The data pipeline is the workhorse of the data processing engine. The data pipeline architecture is able to provide a fully multi-threaded engine for true parallelism. This allows most pipelines to scale out well without a lot of manual tweaking.
Scaling Out Memory Pressures
By design, pipeline processing takes place almost exclusively in memory. This enable faster data movement and transformations, and a design goal should always include making a single pass over your data. This eliminates time consuming staging and the costs of reading and writing the same data several times. The potential disadvantage of this is that for large amounts of data and complicated sets of transformations, you need a large amount of memory, and it needs to be the right type of memory for optimum performance.

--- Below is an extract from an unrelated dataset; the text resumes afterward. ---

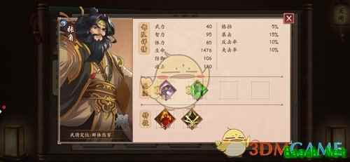 张角这个武将实际上还是主打控制的,95的智力保证了控制技能的成功效果,天赋附带的多重控制以及 生命削减都是非常恶心的。

The virtual memory space for 32-bit Windows operating systems is limited to 2GB by default. Although you can increase this amount through the use of the /3GB switch applied in the boot.ini file, this often falls short of the total memory currently available. This limit is applied per process, which for your purposes means a single package during execution. Therefore, by partitioning a process across multiple packages, you can ensure that each of the smaller packages is its own process, thereby taking advantage of the full 2–3GB virtual space independently. The most common method of chaining packages together to form a consolidated process is through the Execute Package Task, in which case it is imperative that you set the Child package to execute out of process. To enable this behavior, you must set the ExecuteOutOfProcess property to true.

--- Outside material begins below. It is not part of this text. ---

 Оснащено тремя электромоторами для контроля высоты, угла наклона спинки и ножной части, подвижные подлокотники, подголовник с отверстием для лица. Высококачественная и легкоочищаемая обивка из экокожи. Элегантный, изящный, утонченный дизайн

Note that unlike the SQL Server database engine, SSIS does not support Advanced Windowing Extensions (AWE), so scaling out to multiple packages across processes is the only way to take advantage of larger amounts of memory. If you have a very large memory requirement, then you should consider a 64-bit system for hosting these processes. Whereas just a few years ago it would have been very expensive and hard to find software and drivers for all your needs, 64-bit systems are now common for enterprise hardware and should be considered for any business database.
For a more detailed explanation of how SSIS uses memory, and the inmemory buffer structure used to move data through the pipeline
Scaling Out by Staging Data
The staging of data is very much on the decline; after all, why incur the cost of writing to and reading from a staging area when you can perform all the processing in memory with a single pass of data? With the inclusion of the Dimension and Partition Processing Destinations, you no longer need a physical Data Source to populate your SQL Server Analysis Services (SSAS) cubes — yet another reason for the decline of staging or even the traditional data warehouse. Although this is still a contentious debate, the issue here is this: Should you use staging during the SSIS processing flow? Although it may not be technically required to achieve the overall goal, there are still certain scenarios when you may want to, for both scalability and reliability reasons.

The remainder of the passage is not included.